Cisco Issues Five Security Alerts

The Cisco ASA 5500 is a modular platform providing security and VPN services, while the Cisco PIX appliance is a security device protecting Internet connections geared for remote and branch offices.

Altogether, four denial of service vulnerabilities can be found in the Crafted TCP ACK Packet, the Crafted TLS Packet, the Vulnerability Scan and the Instant Messenger inspection, which includes a glitch that could lead to a denial of service attack in the Cisco ASA and Cisco PIX if the inspection engine was enabled.

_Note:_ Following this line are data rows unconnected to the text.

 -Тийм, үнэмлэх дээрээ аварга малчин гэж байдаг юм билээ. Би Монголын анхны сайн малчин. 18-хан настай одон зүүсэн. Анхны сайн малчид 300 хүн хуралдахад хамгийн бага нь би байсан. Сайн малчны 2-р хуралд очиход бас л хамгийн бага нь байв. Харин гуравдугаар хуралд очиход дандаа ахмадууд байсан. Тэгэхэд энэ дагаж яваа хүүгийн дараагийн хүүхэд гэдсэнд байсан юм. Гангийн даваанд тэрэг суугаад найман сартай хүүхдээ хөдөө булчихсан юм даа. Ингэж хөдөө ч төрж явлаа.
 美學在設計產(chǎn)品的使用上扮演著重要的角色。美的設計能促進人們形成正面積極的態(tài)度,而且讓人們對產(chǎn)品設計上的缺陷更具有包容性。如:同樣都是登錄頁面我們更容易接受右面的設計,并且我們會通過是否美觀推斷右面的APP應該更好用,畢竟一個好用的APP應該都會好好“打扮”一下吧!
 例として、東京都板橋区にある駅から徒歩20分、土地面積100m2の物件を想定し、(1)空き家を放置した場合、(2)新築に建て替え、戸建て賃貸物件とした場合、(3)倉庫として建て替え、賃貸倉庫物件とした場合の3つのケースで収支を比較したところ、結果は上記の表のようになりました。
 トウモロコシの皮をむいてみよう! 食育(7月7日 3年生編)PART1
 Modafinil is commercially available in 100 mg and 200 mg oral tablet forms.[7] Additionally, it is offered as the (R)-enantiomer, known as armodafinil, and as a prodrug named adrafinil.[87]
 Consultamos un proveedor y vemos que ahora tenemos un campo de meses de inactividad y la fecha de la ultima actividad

The fifth error, a Control-Plane Access Control List vulnerability, could potentially enable an attacker to bypass security restrictions on the control-plane access control lists without authorization. Exploiting an error in the Control-Plane Access Control List, which is designed to protect traffic destined to the security appliance, could cause the control plane ACL not to work after it is configured to the device.

Following release of the Cisco advisory, the U.S. Computer Emergency Readiness Team also released an alert on its Web site today, warning users of the flaws.

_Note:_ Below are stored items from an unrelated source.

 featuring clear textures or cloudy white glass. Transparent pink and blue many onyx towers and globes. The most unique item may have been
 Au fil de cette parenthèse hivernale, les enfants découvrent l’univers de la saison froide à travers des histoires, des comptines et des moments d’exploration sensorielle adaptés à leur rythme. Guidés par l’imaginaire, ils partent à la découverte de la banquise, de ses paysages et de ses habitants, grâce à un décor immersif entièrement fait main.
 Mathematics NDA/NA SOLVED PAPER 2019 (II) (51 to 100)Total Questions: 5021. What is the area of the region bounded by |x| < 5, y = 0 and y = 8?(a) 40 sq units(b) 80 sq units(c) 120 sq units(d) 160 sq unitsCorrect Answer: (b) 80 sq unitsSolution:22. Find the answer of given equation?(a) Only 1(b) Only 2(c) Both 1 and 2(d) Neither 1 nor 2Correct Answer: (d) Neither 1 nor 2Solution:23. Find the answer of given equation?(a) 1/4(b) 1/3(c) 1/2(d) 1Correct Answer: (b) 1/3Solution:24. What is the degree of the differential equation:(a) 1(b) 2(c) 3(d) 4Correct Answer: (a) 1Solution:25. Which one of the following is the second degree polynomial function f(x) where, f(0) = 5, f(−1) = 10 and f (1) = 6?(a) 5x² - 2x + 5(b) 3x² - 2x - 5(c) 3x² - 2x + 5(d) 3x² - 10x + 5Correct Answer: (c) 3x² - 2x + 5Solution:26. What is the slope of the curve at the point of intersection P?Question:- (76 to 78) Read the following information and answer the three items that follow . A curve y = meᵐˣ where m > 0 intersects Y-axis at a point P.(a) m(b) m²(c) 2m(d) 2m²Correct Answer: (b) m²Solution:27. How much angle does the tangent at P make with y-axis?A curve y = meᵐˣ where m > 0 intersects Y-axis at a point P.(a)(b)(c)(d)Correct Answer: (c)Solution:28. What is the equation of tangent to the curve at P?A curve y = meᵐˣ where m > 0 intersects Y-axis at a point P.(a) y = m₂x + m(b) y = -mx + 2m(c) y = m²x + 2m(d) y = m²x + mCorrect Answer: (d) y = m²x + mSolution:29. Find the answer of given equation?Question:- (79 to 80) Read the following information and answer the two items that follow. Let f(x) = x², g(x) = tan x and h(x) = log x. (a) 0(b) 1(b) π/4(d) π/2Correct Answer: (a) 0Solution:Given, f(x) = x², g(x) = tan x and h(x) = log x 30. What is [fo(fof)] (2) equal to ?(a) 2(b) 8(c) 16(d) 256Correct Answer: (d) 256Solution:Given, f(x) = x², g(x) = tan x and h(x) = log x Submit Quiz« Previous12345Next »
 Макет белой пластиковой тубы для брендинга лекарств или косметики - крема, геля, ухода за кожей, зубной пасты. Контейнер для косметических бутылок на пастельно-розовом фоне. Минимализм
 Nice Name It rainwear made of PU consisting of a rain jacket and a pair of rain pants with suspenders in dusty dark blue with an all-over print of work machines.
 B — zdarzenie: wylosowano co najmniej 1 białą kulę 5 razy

The error in the Crafted TCP ACK is the only bug that comes with a workaround. The flaw could cause a denial of service condition on ASA and PIX devices running versions 7.1x and 7.2x with WebVPN, SSL VPN or ASDM.

Experts recommend that users update their systems with the appropriate fixes as soon as possible, which can be downloaded for free to users. So far, experts say that there doesn't appear to be a known public attack exploiting these vulnerabilities.